The job I had held was not bad at all. Upon dropping out of college, I went straight to work as a copywriter at a small advertising agency. The agency operated from a single suite in a particular hotel on West Fifty-fourth Street and my office had a great view that overlooked the Museum of Modern Art. There, I drafted mediocre campaigns for mediocre products, with tag lines that read like textbook examples. The work was not laborious and paid well, but meant nothing. Despite my negative sentiment, I worked diligently and the account I was put on gained market share like never before. Because of this, when I proposed quitting, my boss went as far as to offer me a raise. I declined politely. I was thirty and I figured that I wasn’t getting anywhere at the agency and I wasn’t about to anytime soon.

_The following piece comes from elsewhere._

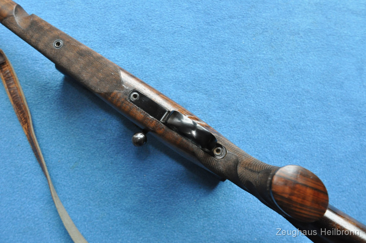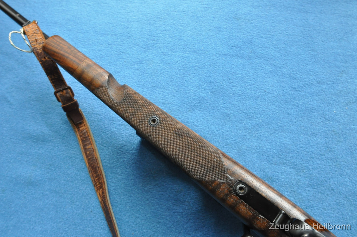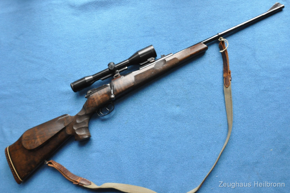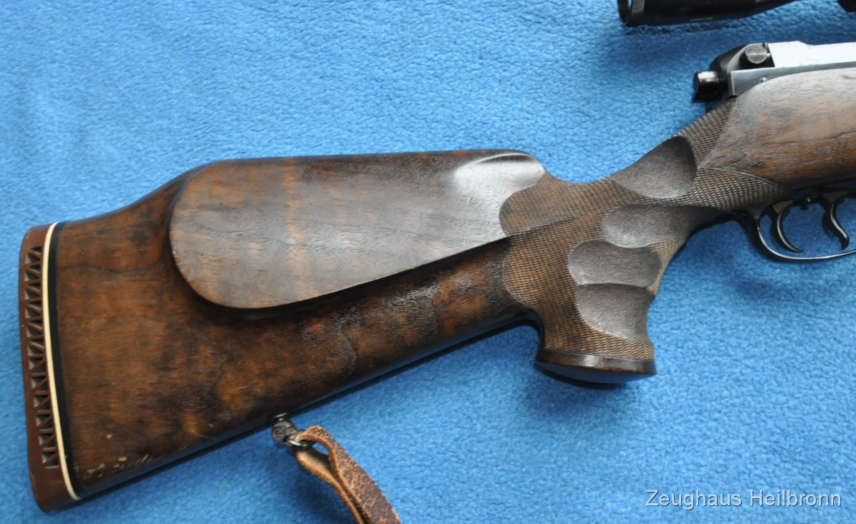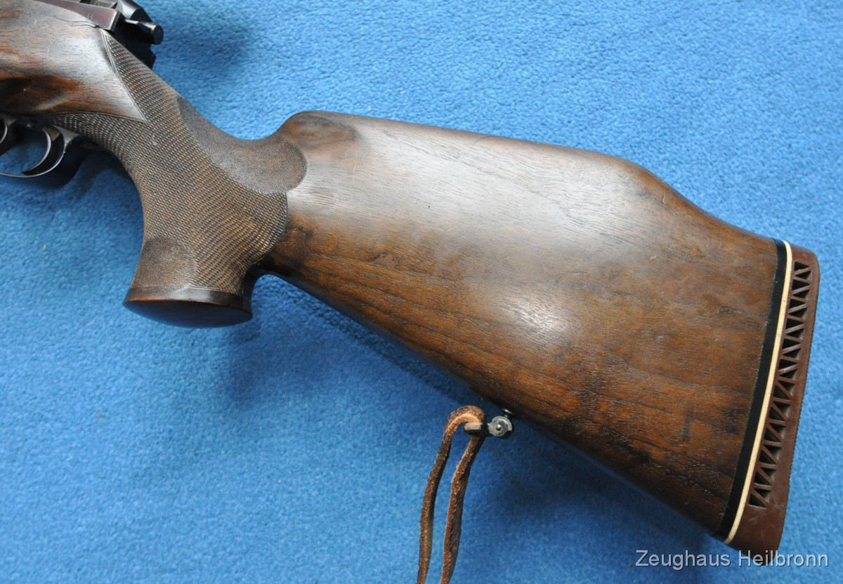Hier also eine echte Mauser: Legendäre Mauser 66 mit Gehmann System, natürlich Vollstahl, Waffe in einem schönen Zustand mit leichten Gebrauchsspuren, eine Stelle außen am Lauf leicht felckig, siehe Bilder, Lauf blank, volle mechanische Funktion. Der eigentliche rechts-Schaft ist durch Ausarbeitung der Handauflage auch als links-Schaft verwendbar.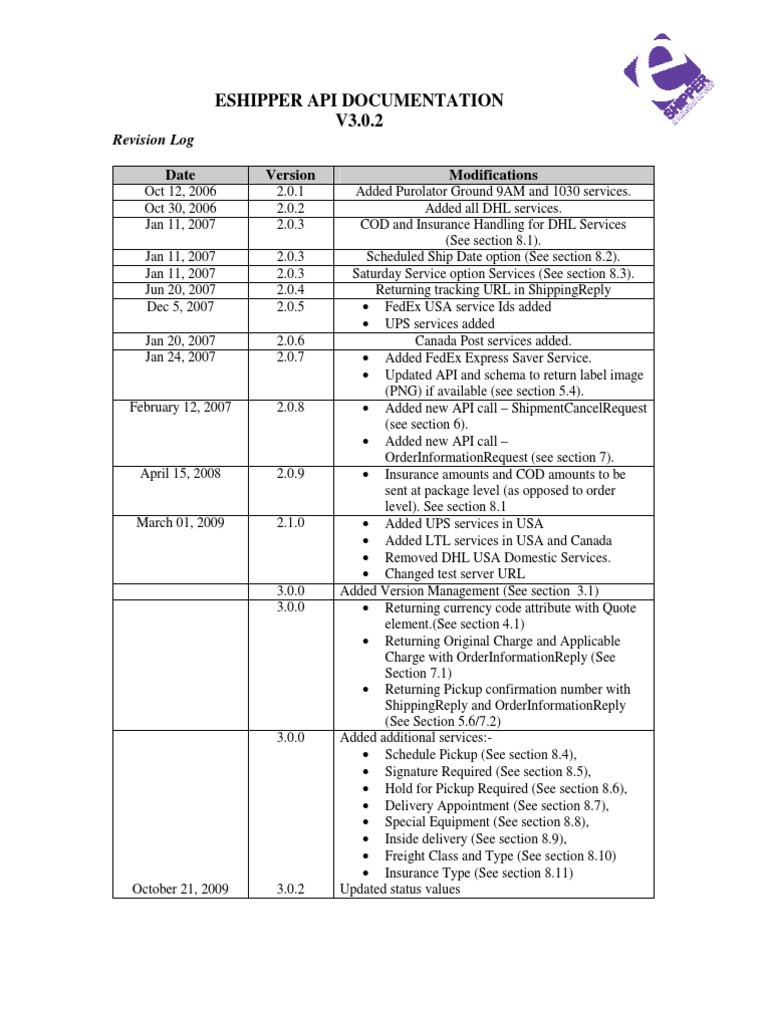 Added Purolator Ground 9AM and 1030 services. Added all DHL services. COD and Insurance Handling for DHL Services (See section 8.1). Scheduled Ship Date option (See section 8.2). Saturday Service option Services (See section 8.3). Returning tracking URL in ShippingReply FedEx USA service Ids added UPS services added Canada Post services added. Added FedEx Express Saver Service. Updated API and schema to return label image (PNG) if available (see section 5.4). Added new API call ShipmentCancelRequest (see section 6). Added new API call OrderInformationRequest (see section 7). Insurance amounts and COD amounts to be sent at package level (as opposed to order level). See section 8.1 Added UPS services in USA Added LTL services in USA and Canada Removed DHL USA Domestic Services. Changed test server URL Added Version Management (See section 3.1) Returning currency code attribute with Quote element.(See section 4.1) Returning Original Charge and Applicable Charge with OrderInformationReply (See Section 7.1) Returning Pickup confirmation number with ShippingReply and OrderInformationReply (See Section 5.6/7.2) Added additional services: Schedule Pickup (See section 8.4), Signature Required (See section 8.5), Hold for Pickup Required (See section 8.6), Delivery Appointment (See section 8.7), Special Equipment (See section 8.8), Inside delivery (See section 8.9), Freight Class and Type (See section 8.10) Insurance Type (See section 8.11) Updated status values

With a considerable amount left in my savings account from my eight years of service, I was in no hurry to find work. I decided to take some time off and unwind. Maybe develop new, meaningful, hobbies. My days passed leisurely. I cooked and enjoyed fine wines. My sleeping patterns improved. I started to develop film for the first time since high school. Things were looking good, until Lola started to appear in my dreams. Since then, I have been people-watching constantly, haunting parks and aforementioned seedy cafés. My new-found priorities went out the window and old habits soon returned.
***
I get out of bed and file to the kitchenette. Enough of the morning had passed to make it acceptable to skip breakfast. I open a window to feel the autumn breeze. The winds are temperate with remnants of an Indian summer. A solitary fluffy, white cloud sits in the sky, reminding me of ricotta cheese. I decide on a sandwich for lunch – tuna salad on sourdough. Maybe a beer. I whistle the William Tell overture as I arrange slices of bread inside the toaster oven and wait. After Ranz des Vaches the bread is toasted and the condiments diced and I am ready to eat.
I grab my beer and sandwich to take onto to the fire-escape. Balancing a chilled glass in one hand and my plate in the other, I make clumsy attempts to unhinge the door latch with my foot. Suddenly, I stop, foot in mid-probe. Something is not right. Did I leave the fridge open? No: it’s not that. The air is too crisp, the streets too silent. My senses become augmented. A neighbour’s dog barks. I realize what is wrong. The phone is ringing.
Setting my lunch on the floor, I wait. It wasn’t possible for anyone to have called me. I count fifteen muffled rings. The condensation on my glass slowly trickles down and stains a damp spot on the carpet. It is like time is slowing down.
Ringgg.
There is no point in waiting forever. I turn back into my room and fumble around in the closet for my phone.
“Hello?” I voice.
Soft elevator music plays through the receiver. It’s Fitzgerald.
Oh, boy. Sometimes life can be so strange.